INSTRUCTIONS FOR THE TASK:
Without the pictures, copy all of the data exactly.

DATA SECTION:
##########
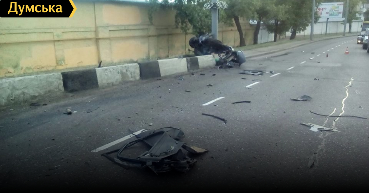 Ух, проезжал утром мимо. Его не буквально разорвало пополам, а таки разорвало — на фото только половина авто, вторая половина за кадром по пути движения лихача.
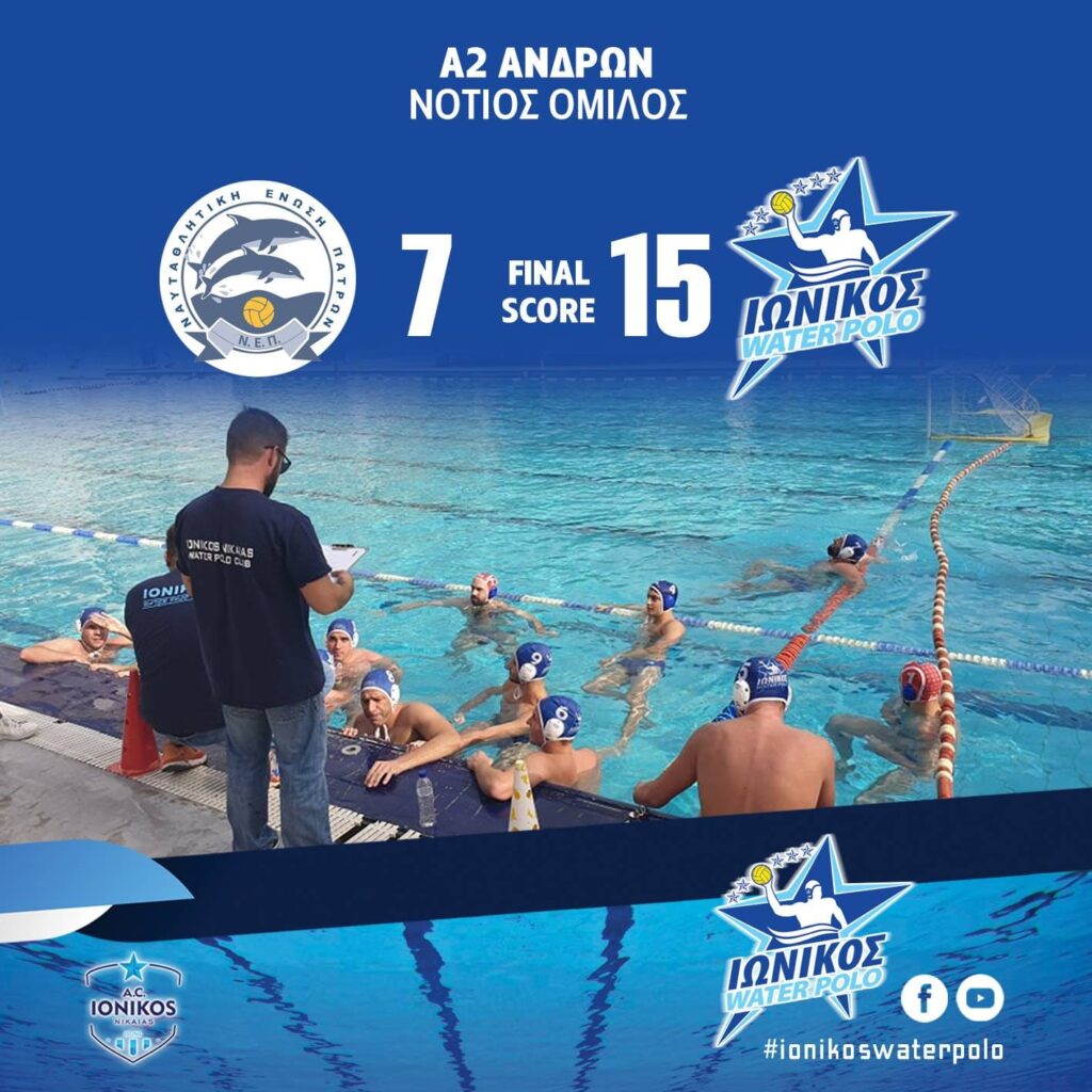 ΝΕ ΠΑΤΡΩΝ – ΙΩΝΙΚΟΣ 7-15. Οκτάλεπτα: 4-4, 0-2, 2-6, 1-3. Σκόρερ: ΝΕ Πατρών: Κανελλόπουλος 2, Κοντονής 1, Τουλγαρίδης 3, Σπανογιάννης 1. Ιωνικός: Γέμελος 1, Μακαντάνης Ι. 3, Αμπατζόγλου 3, Πρωτοψάλτης 3, Κουτσαντάς 1, Ψιρογιάννης 2, Κολλάρος 1, Λαδάς 1.
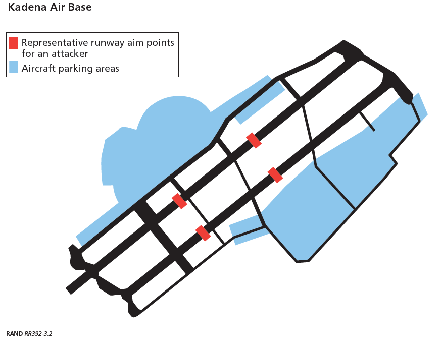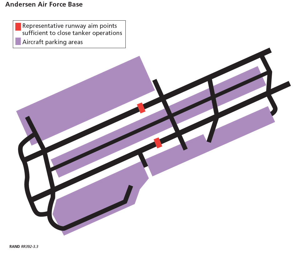 蘭德用作戰模擬方法研究中國對美國空軍基地的攻擊效果。作戰模擬也稱仿真,這實際上是數字化的沙盤演習。蘭德假定飛機散佈在停機坪、機庫和加固機堡內,彈道導彈配備反跑道專用的集束鑽地彈藥,停機坪上暴露的飛機用彈道導彈運載的集束彈藥攻擊,機庫和機堡內的飛機用配備單彈頭的巡航導彈攻擊。在數字沙盤演習中,中國導彈攻擊以嘉手納和安德森為主要目標,以癱瘓時間長度為評估指標。癱瘓時間很短沒有戰術意義,癱瘓時間達到幾天甚至幾周,那雖然不至於就此迫使美國空軍退出戰鬥(美國空軍還可能從更遠的基地出動),但至少極大地降低美國空軍的出動率和戰鬥效率。嘉手納是距離台海最近的空軍基地,這也是台海周邊800公里以內唯一的美國空軍基地,安德森則是離台海最近的美國本土基地。打癱這兩個基地具有最大的典型意義。
##########
EXERCISE RESPONSE:
 Ух, проезжал утром мимо. Его не буквально разорвало пополам, а таки разорвало — на фото только половина авто, вторая половина за кадром по пути движения лихача.
 ΝΕ ΠΑΤΡΩΝ – ΙΩΝΙΚΟΣ 7-15. Οκτάλεπτα: 4-4, 0-2, 2-6, 1-3. Σκόρερ: ΝΕ Πατρών: Κανελλόπουλος 2, Κοντονής 1, Τουλγαρίδης 3, Σπανογιάννης 1. Ιωνικός: Γέμελος 1, Μακαντάνης Ι. 3, Αμπατζόγλου 3, Πρωτοψάλτης 3, Κουτσαντάς 1, Ψιρογιάννης 2, Κολλάρος 1, Λαδάς 1.
 蘭德用作戰模擬方法研究中國對美國空軍基地的攻擊效果。作戰模擬也稱仿真,這實際上是數字化的沙盤演習。蘭德假定飛機散佈在停機坪、機庫和加固機堡內,彈道導彈配備反跑道專用的集束鑽地彈藥,停機坪上暴露的飛機用彈道導彈運載的集束彈藥攻擊,機庫和機堡內的飛機用配備單彈頭的巡航導彈攻擊。在數字沙盤演習中,中國導彈攻擊以嘉手納和安德森為主要目標,以癱瘓時間長度為評估指標。癱瘓時間很短沒有戰術意義,癱瘓時間達到幾天甚至幾周,那雖然不至於就此迫使美國空軍退出戰鬥(美國空軍還可能從更遠的基地出動),但至少極大地降低美國空軍的出動率和戰鬥效率。嘉手納是距離台海最近的空軍基地,這也是台海周邊800公里以內唯一的美國空軍基地,安德森則是離台海最近的美國本土基地。打癱這兩個基地具有最大的典型意義。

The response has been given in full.